São, no entanto, sinais preocupantes. E, se têm acompanhado também as sucessivas actualizações ao programa do Fórum Fantástico, e as várias declarações públicas dos organizadores (com especial destaque para os incansáveis Rogério Ribeiro e Safaa Dib, que por isso merecem o agradecimento e aplauso de todos os fãs da fantasia, do horror e da ficção científica) saberão que uma marcada diminuição de apoios condicionou de certa forma o cartaz deste ano.

Gostava de repetir aquilo que já disse acima, e recordar-vos de que o FÓRUM FANTÁSTICO é o ÚNICO evento anual nacional dedicado à arte e literatura fantásticas. É também a única oportunidade de o fandom se encontrar para pôr a conversa em dia, comentar os últimos livros e filmes, discutir ideias sobre o que estão a ler ou a a escrever, em suma, de conviver num ambiente inteiramente dedicado aos géneros de que tanto desfrutamos e a que dedicamos tanto do nosso tempo. Isso é duplamente importante para aqueles que, como eu, residem longe de Lisboa. Pela primeira vez desde os ENCONTROS LITERÁRIO de 2004, não estarei presente desde o primeiro dia, de mãos coladas ao teclado por prazos já longamente ultrapassados, o que me tem mergulhado em negras considerações.

Num país como este, onde o que de melhor se faz na área do Fantástico é constantemente espezinhado e desprezado, usufruindo de uma longevidade efémera, nunca é garantido que exista o Fórum do próximo ano, o encontro do próximo ano ou a Convenção do próximo ano. Os Encontros organizados pela Simetria em Cascais, não sobreviveram a mais do que quatro edições. Este é o 4º Fórum Fantástico.

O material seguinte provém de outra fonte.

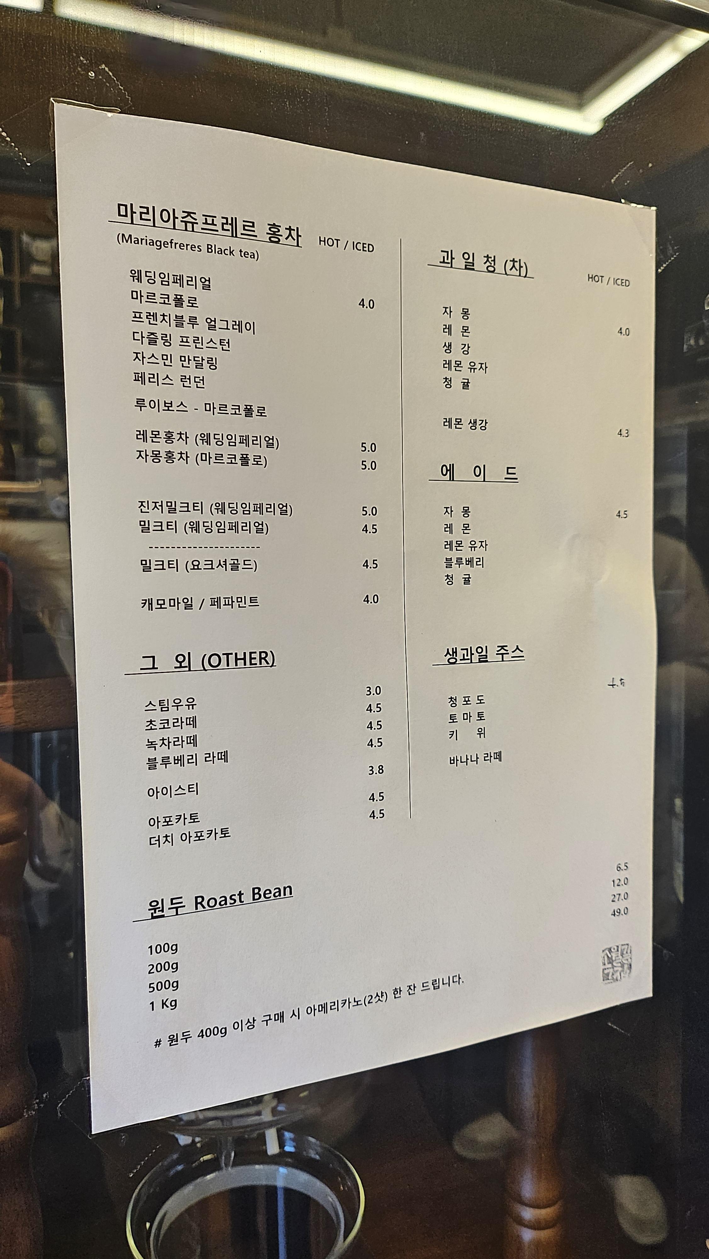 커피 외에 다양한 티와 과일청, 에이드 음료도 판매하네요. 원두는 g 무게별로 판매중입니다.
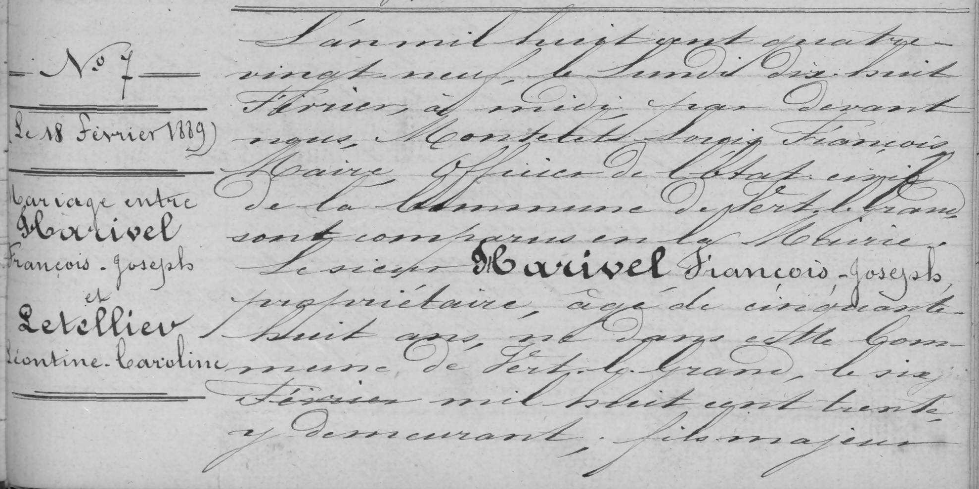 - Mariage à Vert-le-Grand en 1853 — AD91 4E/2893.

A organização de um evento desta natureza, sempre feita contra ventos, marés, velhos do Restelo e politiquices críticas e editoriais, apenas é possível de lograr com o esforço e a dedicação de uns poucos, que sacrificando a sua vida pessoal (e dinheiro do seu próprio bolso) nos proporcionam a todos estes quatro dias de imersão nos universos alternativos da cultura popular. E nada é mais frustrante do que o esforço que não é devidamente recompensado.

Por isso, a não ser que tenham algo REALMENTE muito importante que vos impeça de ir até Lisboa, ou se residem em Lisboa, de dar um salto à Faculdade de Belas-Artes, ao Chiado, não faltem a este evento, quanto mais não seja para demonstrarem aos organizadores a vossa gratidão e o vosso apoio ao esforço deles.

É que ninguém os pode obrigar a organizar o Fórum do próximo ano. E se eles resolverem desistir do evento, se resolverem que o esforço deles não é reconhecido e não é recompensado, quem perde são os fãs da Literatura Fantástica...

Quanto a mim, vê-mo-nos por lá Sábado e Domingo.

E desde já, parabéns Safaa e Rogério.